**TASK DETAILS:** Could you please reproduce every record below exactly, leaving out the pictures?

(Source data)

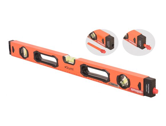 Уровень Sturm 600мм S 2015-09-600 может применяться для замера неровностей одновременно по горизонтали и вертикали, а так же под углом.
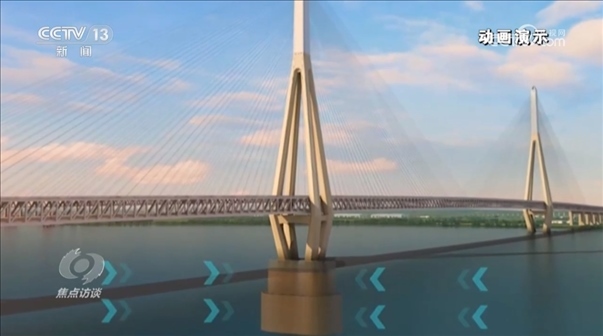 鄭清剛:“鐵路一側(cè)的荷載比公路一側(cè)要重8.6噸,就是每延米有8.6噸,就像兩個(gè)人抬東西,比如一頭重量大了的話,就會發(fā)生一頭高一頭低的情況。我們是通過一些結(jié)構(gòu)上的辦法,采用不同強(qiáng)度的斜拉索來匹配這個(gè)受力?!?/p>
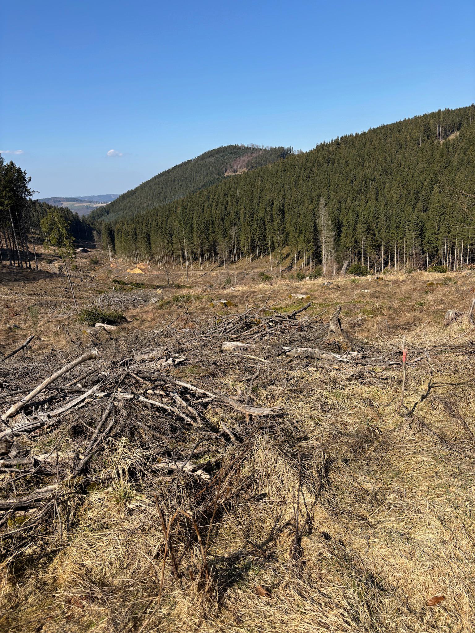 - Bestand: Mix aus Fichten (60–70 Jahre), älteren Buchenbeständen und natürlichen Sukzessionsflächen.
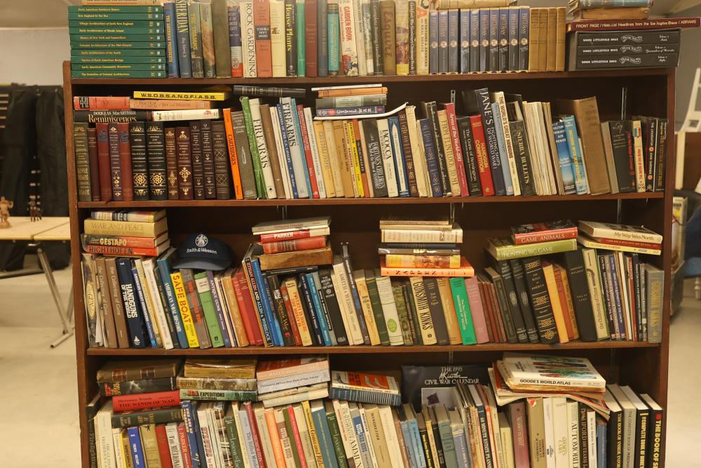 Book Collection on Gardening, Automobiles, Firearms, and Architecture with DVDs/VHS. Includes books by authors such as Leo Tolstoy, Stephen Crane, and Charles Edward Chapel. Covers topics including lawn and garden care, automotive history, firearms, and architectural design. Some VHS and DVDs are present. Bookshelf is not included. Pickup only.
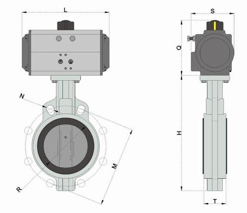 進口氣動對夾式襯膠蝶閥通過氣動執(zhí)行機構驅(qū)動蝶板旋轉,實現(xiàn)流體的快速啟閉與流量調(diào)節(jié)27。其采用對夾式連接設計,無需額外法蘭,顯著節(jié)省安裝空間,尤其適用于緊湊型管道系統(tǒng)(如船舶、化工裝置)56。閥體內(nèi)壁及蝶板表面襯覆橡膠材料(如NBR、EPDM、FKM),兼具耐腐蝕性與密封性能,可適配腐蝕性介質(zhì)及衛(wèi)生要求較高的場景

**TASK OUTPUT:**
 Уровень Sturm 600мм S 2015-09-600 может применяться для замера неровностей одновременно по горизонтали и вертикали, а так же под углом.
 鄭清剛:“鐵路一側(cè)的荷載比公路一側(cè)要重8.6噸,就是每延米有8.6噸,就像兩個(gè)人抬東西,比如一頭重量大了的話,就會發(fā)生一頭高一頭低的情況。我們是通過一些結(jié)構(gòu)上的辦法,采用不同強(qiáng)度的斜拉索來匹配這個(gè)受力?!?/p>
 - Bestand: Mix aus Fichten (60–70 Jahre), älteren Buchenbeständen und natürlichen Sukzessionsflächen.
 Book Collection on Gardening, Automobiles, Firearms, and Architecture with DVDs/VHS. Includes books by authors such as Leo Tolstoy, Stephen Crane, and Charles Edward Chapel. Covers topics including lawn and garden care, automotive history, firearms, and architectural design. Some VHS and DVDs are present. Bookshelf is not included. Pickup only.
 進口氣動對夾式襯膠蝶閥通過氣動執(zhí)行機構驅(qū)動蝶板旋轉,實現(xiàn)流體的快速啟閉與流量調(diào)節(jié)27。其采用對夾式連接設計,無需額外法蘭,顯著節(jié)省安裝空間,尤其適用于緊湊型管道系統(tǒng)(如船舶、化工裝置)56。閥體內(nèi)壁及蝶板表面襯覆橡膠材料(如NBR、EPDM、FKM),兼具耐腐蝕性與密封性能,可適配腐蝕性介質(zhì)及衛(wèi)生要求較高的場景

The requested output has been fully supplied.